1. はじめに
本記事を書こうと思ったきっかけ
Jenkinという言葉はよく聞くのですが、これまで利用したことがなくJenkinを用いたCI/CD、パイプライン構築についてイメージがわかなかったため独自で調査し本記事を執筆しました。また自動運転(どちらかというとADAS寄り)に絡めてハンズオン形式にしていますので、自動運転開発やCI/CDに興味がある方は是非ご一読ください。
自動運転開発とCI/CDの親和性
自動運転システムの開発では、カメラやLiDARといったセンサーの入力データ処理や、車両の挙動を決定する制御ロジックなど、多岐にわたるコードが組み合わさっています。
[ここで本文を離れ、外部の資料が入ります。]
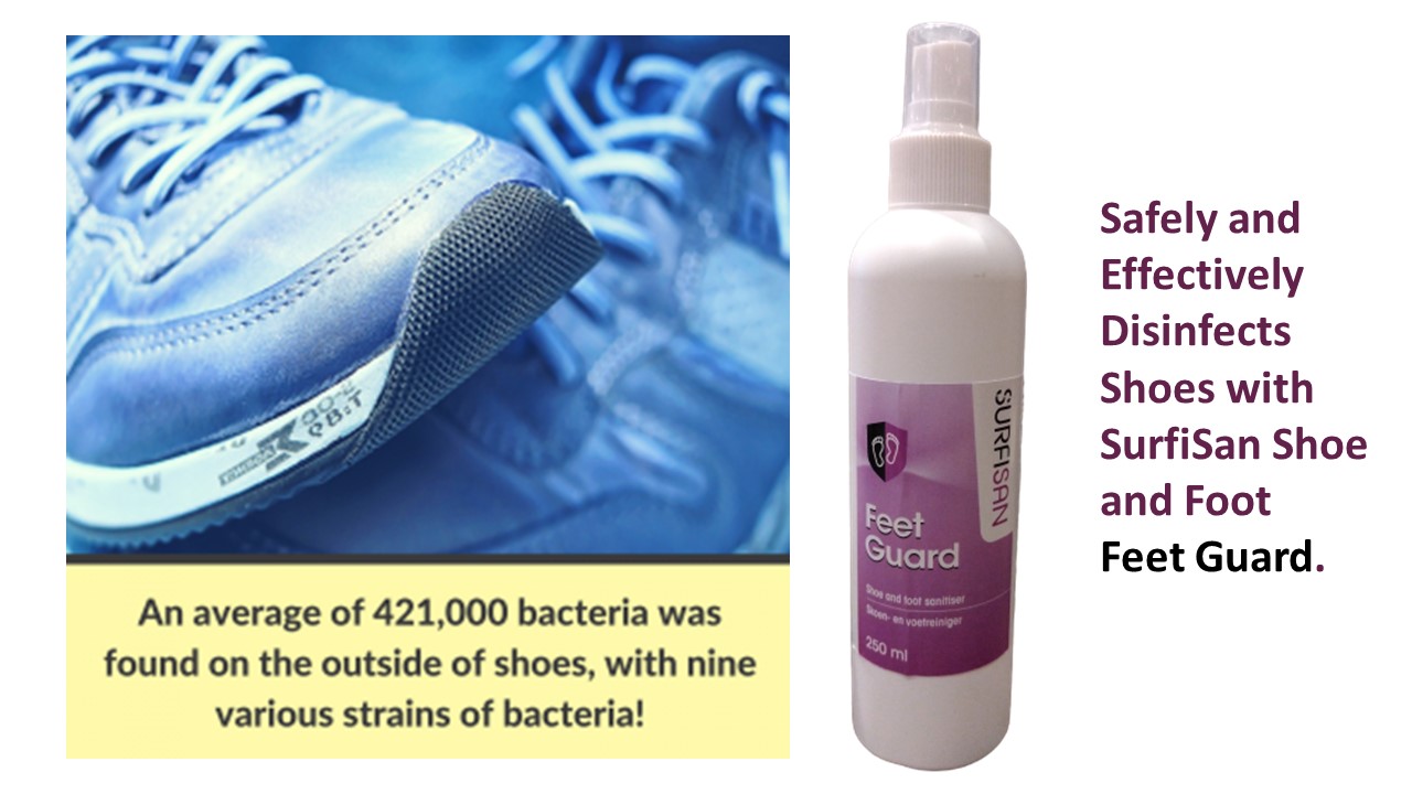 Shoe soles and feet are a potential vector of pathogen transmission Millions of germs are brought into the house and deposited on the floor and carepets with the first 3 steps through the door

このような複雑なシステムでは、わずかなコード修正が意図しない挙動(例えばブレーキが効かない、急ブレーキを踏むなど)を引き起こすリスクがあります。
安全第一である自動運転開発において、コードを変更するたびに手動でビルドやテストを行うことは時間がかかるだけでなく、ヒューマンエラーの原因にもなります。そこで、変更されたコードを自動で検証するCI/CD(継続的インテグレーション/継続的デリバリー)が極めて重要な役割を果たします。
CI/CDとは
CI/CDとは、ソフトウェア開発におけるビルド、テスト、デプロイを自動化するための仕組みです。
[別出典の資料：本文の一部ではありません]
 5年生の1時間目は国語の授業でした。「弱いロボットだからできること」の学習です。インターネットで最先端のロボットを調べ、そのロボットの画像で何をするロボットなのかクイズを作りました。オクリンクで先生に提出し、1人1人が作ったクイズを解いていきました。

大きくCI(Continuous Integration:継続的インテグレーション)とCD(Continuous Delivery/Deployment)からなります。CIではソースコードの変更を統合する、ビルド・テストを自動実行する、不具合を早期発見する役割があります。CDはテストを通過した成果物を自動で配布可能な状態にする、本番環境へのリリースを自動化する役割があります。
本記事で体験するハンズオンの全体像
本記事では、特別なシミュレータやハードウェアを必要とせず、Docker環境が動作するローカルPC(Windows/Mac/Linux)のみで手軽に実行できる環境を作ります。
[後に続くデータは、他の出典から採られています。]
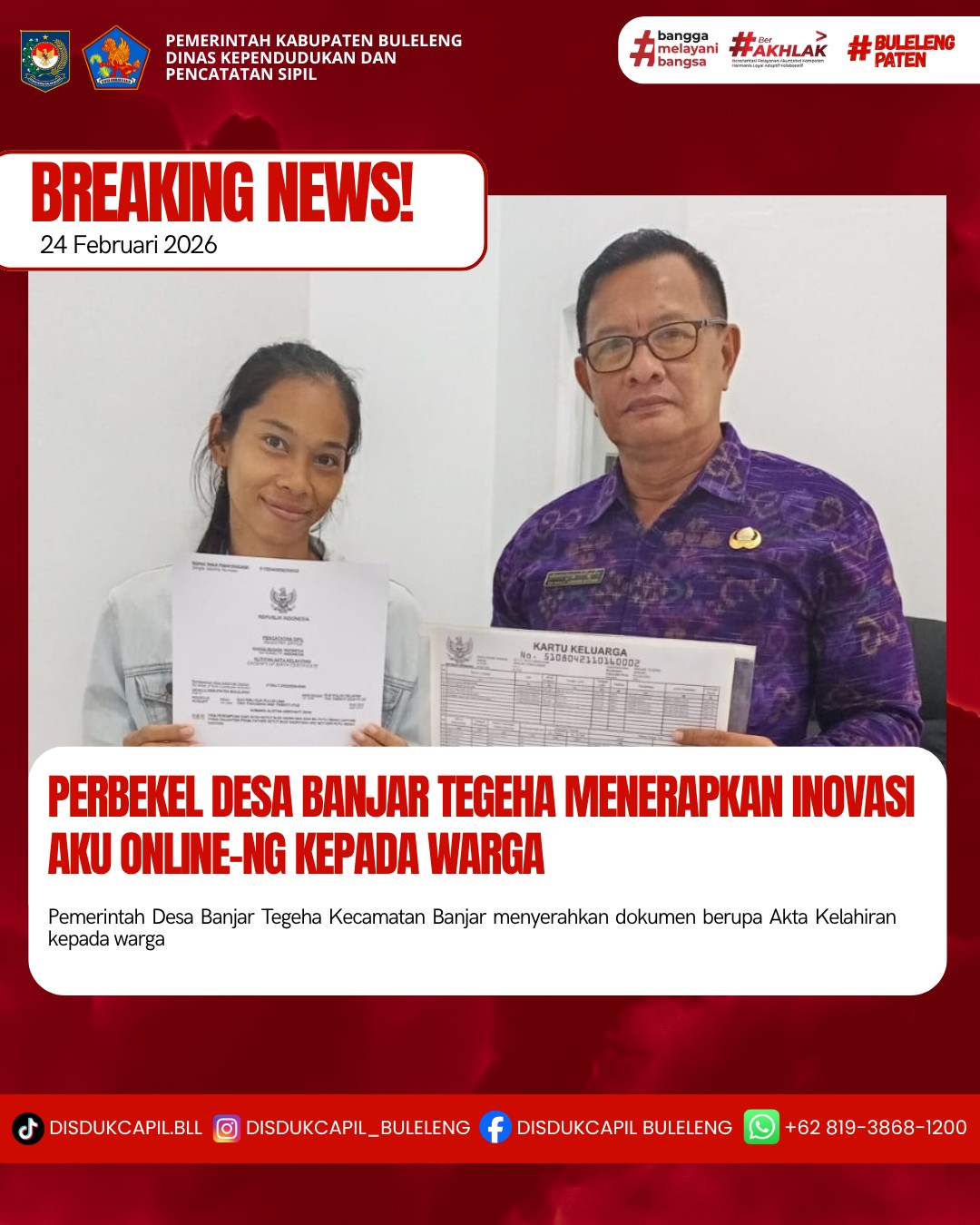Pemerintah Kabupaten Buleleng melalui Dinas Kependudukan dan Pecatatan Sipil (Disdukcapil) Kabupaten Buleleng memaksimalkan serta mempermudah pelayanan kependudukan masyarakat dengan beberapa inovasi, melalui aplikasi AKU Online-NG. Dimana dalam penerapan aplikasi Aku Online-NG tersebut masyarakat tidak perlu lagi datang ke Dinas Dukcapil untuk melakukan pelayanan langsung cukup dengan datang ke Desa nanti akan dibantu oleh operator Desa masing-masing. Di Desa Banjar Tegeha Kecamatan Banjar, telah diserahkan dokumen kependudukan berupa Akta Kelahiran atas nama Ketut Budi Suadnyana dan Kartu Keluarga warga Desa Banjar Dinas Abian Desa Banjar Tegeha yang diserahkan secara langsung oleh Perbekel Desa Banjar Tegeha Ida Bagus Komang Sistiadi, Selasa (24/2).

題材として、Pythonで実装した簡易的な衝突被害軽減ブレーキ(AEB: Autonomous Emergency Braking)の制御コードを使用します。※ECU実装段階ではリアルタイム性、メモリ管理の観点からC/C++などの言語が利用されるかと思いますが今回はあくまで簡易版ということでPythonを採用しています。
本ハンズオンの前提条件として、以下の基礎知識があることを想定しています。
- Pythonの基本文法: 制御ロジックやテストコードの理解に使用します。
- Gitの基本操作: リポジトリの初期化、コミット、GitHubへのプッシュ等の操作を行います。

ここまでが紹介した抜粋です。